Roland Hauck was born in Duluth, Minnesota on August 17, 1902. He grew up in Oakland and attended Stanford University. He worked in advertising for J. Walter Thompson and other agencies in San Francisco and New York, and had his own agency for many years. After his marriage in 1926 he and his wife acquired creekside property in Napa as a weekend retreat. His exposure to the environment made him aware of the vulnerability of creeks and streams in the region. By the 1960s he and his wife were living in the Sonoma Valley, and in 1972 Hauck helped to found the Save Our Creek Committees of America. Hauck was dedicated to the preservation of creeks, streams, and other waterways in Sonoma Valley and throughout California. He was also interested in city planning as it relates to waterways, and opposed the construction of the Warm Springs Dam. Hauck is considered the father of western urban creek preservation, and he was also a member of Friends of the River, the Sierra Club, and the National Science Foundation. Roland Hauck died on January 20, 1983.

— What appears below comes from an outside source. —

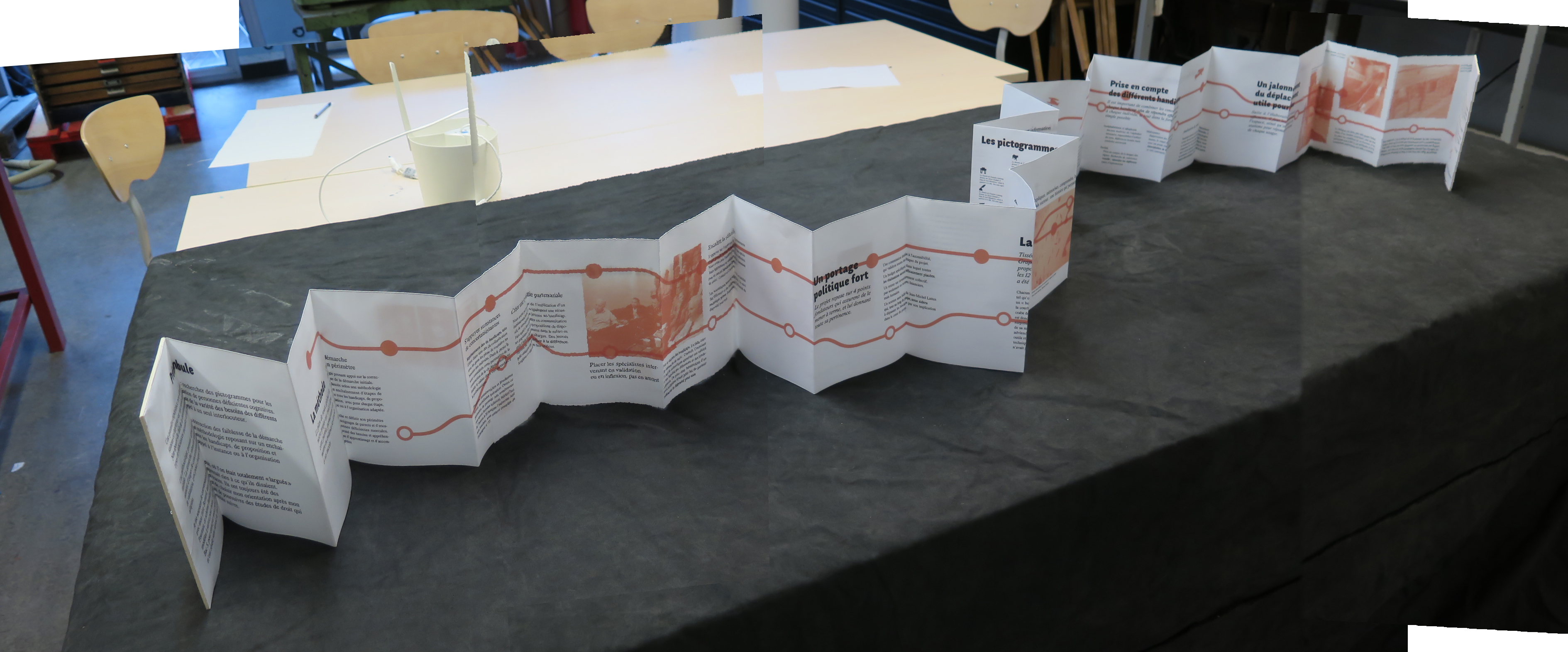L'édition se pésente sous forme d'un leporello, un grand dépliant de 24 pages. Le verso est mis en page comme un livre classique, le recto peut être lu normalement mais gagne en sens lorsqu'il est utilisé comme ue frise (étapes à suivre si l'on veut reproduire le projet de Tisséo)

The collection materials, dating from 1963 through 1982, include correspondence, documents, newspaper clippings, newsletters, pamphlets, ephemera and photographs on various county, state, and national environmental issues, including creeks and other waterways, fish and wildlife, the Sonoma Valley, and the Warm Springs Dam.The materials are organized into six boxes.
The research material in the collection is available to view by appointment.